[[ Source material, beginning ]]
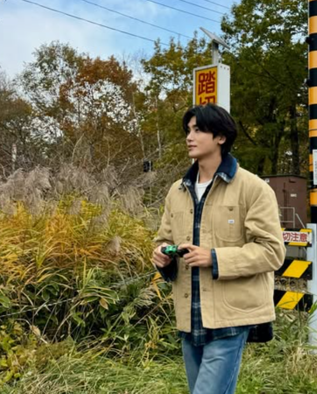 베이지 재킷에 체크 남방을 레이어드 해서 캐주얼하면서 댄디한 무드를 연출했죠. 특히 베이지와 체크 패턴의 조합은 따뜻한 느낌을 자아냈죠.
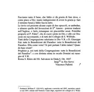 nell ’ inglese , e farlo ristampare mi piacerebbe assai . Potrebbe proporlo al P . Faber2 , che di cuore saluto in Dio , e alle cui Orazioni mi raccomando , e di tutti del Collegio di S . Wilfrido . Tutti della Congregazione salutiamo in Dio V . R . e D . Giuseppe Faà : tutte le Benedizioni del Paradiso : tutte le Benedizioni del Paradiso . Ella come veste ? Si può portare l ’ abito talare ? Quando haec erunt ?
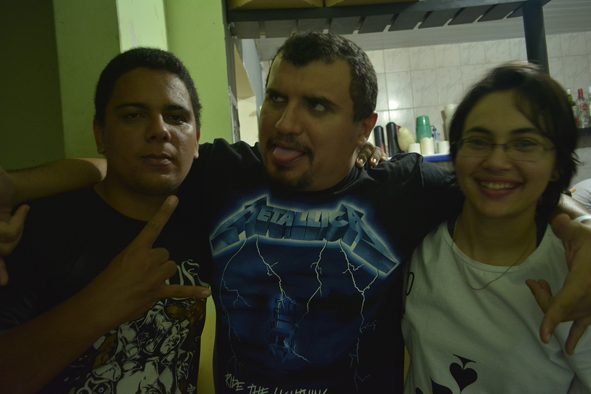 Quase todos vestidos de preto, com algumas modificações corporais (lê-se piercing, tatuagem e alguns alargadores) bebendo as suas cervejas na rua e escutando heavy metal. Eles estavam tranquilos, felizes e chacoalhando a cabeça ao som de uma banda recifense de metal extremo que estava saindo da Faster Pizza.
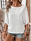نسائي انثى قميص غير رسمي مجرد فضفاض كم ضيق أسود 3/4 طول الكم أنيق العطلة V رقبة الصيف عبر الفصول
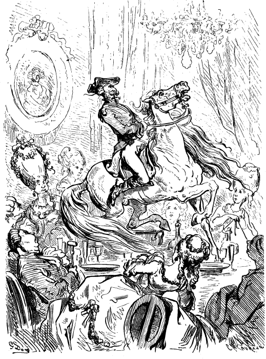Mi memoras ĉi tiun mian mirindan hundinon kun la samaj plezuro kaj amo kiel belegan litovan ĉevalon, kiun mono ne povus aĉeti. Ĝi, fariĝis mia tute hazarde, kaj tio donis al mi okazon montri mian lertecon en ĉevalrajdado en plej bonaj cirkonstancoj. Mi estis gasto, en la belega kampodomo de grafo Przoboski en Litovujo, kaj restis por tetrinko kun la sinjorinoj en la salono, dum la sinjoroj estis ekstere sur la korto por rigardi junan altspiritan ĉevalon, kiu ĵus alvenis el la ĉevalbredejo. Ni subite ekaŭdis alarman bruon; mi rapidis malsupren kaj trovis la ĉevalon tiel neregebla, ke neniu kuraĝis alproksimiĝi al ĝi aŭ surseliĝi. La plej kuraĝaj ĉevalrajdistoj staris konsternitaj kaj en teruro; malespero esprimiĝis sur ĉies vizaĝo, kiam, per unu salto, mi estis sur ĝia dorso. Per tio mi surprizis ĝin kaj poste faris ĝin ĝentila kaj obeema per la plej bona montro de rajdarto, kiun mi posedis. Por montri tion perfekte al la sinjorinoj kaj por ŝpari al ili la neceson eliri eksteren, mi devigis la ĉevalon, salti tra la fenestro en la salonon, ĉirkaŭmarŝis kelkajn fojojn, pasis, trotis kaj galopis, kaj fine igis la ĉevalon surtabliĝi, por ripeti la manovrojn sur la tablo en bela stilo de miniaturo, kio tre plaĉis al la sinjorinoj; ĉar la ĉevaleto faris ĉion mirinde bone kaj rompis nek tason nek teleron. Tio metis min tiel alten en ilia opinio kaj tiel bone en la opinio de la grafo, ke kun sia kutima ĝentileco li petis, ke mi akceptu tiun junan ĉevalon por rajdi ĝin plengalope al venko kaj honoro en la milito kontraŭ la turkoj, kiu baldaŭ devis komenciĝi sub la komando de grafo Münnich.
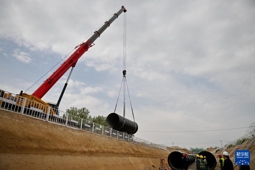 4月9日,吊车在雄安干渠工程二标段建设现场吊装输水管道。
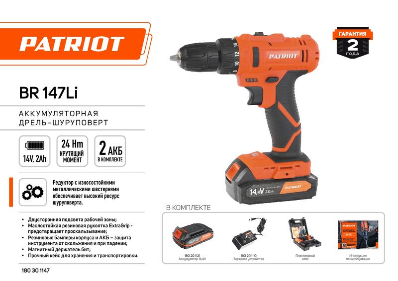 Дрель-шуруповерт аккумуляторная BR 147Li 2 АКБ Li-Ion 14.4В 2А.ч 2 скорости (кейс) PATRIOT 180301147
[[ Source material, end ]]
**The problem**
If an entry contains a picture, skip the picture and reproduce everything else exactly.

**Exercise response**
 베이지 재킷에 체크 남방을 레이어드 해서 캐주얼하면서 댄디한 무드를 연출했죠. 특히 베이지와 체크 패턴의 조합은 따뜻한 느낌을 자아냈죠.
 nell ’ inglese , e farlo ristampare mi piacerebbe assai . Potrebbe proporlo al P . Faber2 , che di cuore saluto in Dio , e alle cui Orazioni mi raccomando , e di tutti del Collegio di S . Wilfrido . Tutti della Congregazione salutiamo in Dio V . R . e D . Giuseppe Faà : tutte le Benedizioni del Paradiso : tutte le Benedizioni del Paradiso . Ella come veste ? Si può portare l ’ abito talare ? Quando haec erunt ?
 Quase todos vestidos de preto, com algumas modificações corporais (lê-se piercing, tatuagem e alguns alargadores) bebendo as suas cervejas na rua e escutando heavy metal. Eles estavam tranquilos, felizes e chacoalhando a cabeça ao som de uma banda recifense de metal extremo que estava saindo da Faster Pizza.
نسائي انثى قميص غير رسمي مجرد فضفاض كم ضيق أسود 3/4 طول الكم أنيق العطلة V رقبة الصيف عبر الفصول
Mi memoras ĉi tiun mian mirindan hundinon kun la samaj plezuro kaj amo kiel belegan litovan ĉevalon, kiun mono ne povus aĉeti. Ĝi, fariĝis mia tute hazarde, kaj tio donis al mi okazon montri mian lertecon en ĉevalrajdado en plej bonaj cirkonstancoj. Mi estis gasto, en la belega kampodomo de grafo Przoboski en Litovujo, kaj restis por tetrinko kun la sinjorinoj en la salono, dum la sinjoroj estis ekstere sur la korto por rigardi junan altspiritan ĉevalon, kiu ĵus alvenis el la ĉevalbredejo. Ni subite ekaŭdis alarman bruon; mi rapidis malsupren kaj trovis la ĉevalon tiel neregebla, ke neniu kuraĝis alproksimiĝi al ĝi aŭ surseliĝi. La plej kuraĝaj ĉevalrajdistoj staris konsternitaj kaj en teruro; malespero esprimiĝis sur ĉies vizaĝo, kiam, per unu salto, mi estis sur ĝia dorso. Per tio mi surprizis ĝin kaj poste faris ĝin ĝentila kaj obeema per la plej bona montro de rajdarto, kiun mi posedis. Por montri tion perfekte al la sinjorinoj kaj por ŝpari al ili la neceson eliri eksteren, mi devigis la ĉevalon, salti tra la fenestro en la salonon, ĉirkaŭmarŝis kelkajn fojojn, pasis, trotis kaj galopis, kaj fine igis la ĉevalon surtabliĝi, por ripeti la manovrojn sur la tablo en bela stilo de miniaturo, kio tre plaĉis al la sinjorinoj; ĉar la ĉevaleto faris ĉion mirinde bone kaj rompis nek tason nek teleron. Tio metis min tiel alten en ilia opinio kaj tiel bone en la opinio de la grafo, ke kun sia kutima ĝentileco li petis, ke mi akceptu tiun junan ĉevalon por rajdi ĝin plengalope al venko kaj honoro en la milito kontraŭ la turkoj, kiu baldaŭ devis komenciĝi sub la komando de grafo Münnich.
 4月9日,吊车在雄安干渠工程二标段建设现场吊装输水管道。
 Дрель-шуруповерт аккумуляторная BR 147Li 2 АКБ Li-Ion 14.4В 2А.ч 2 скорости (кейс) PATRIOT 180301147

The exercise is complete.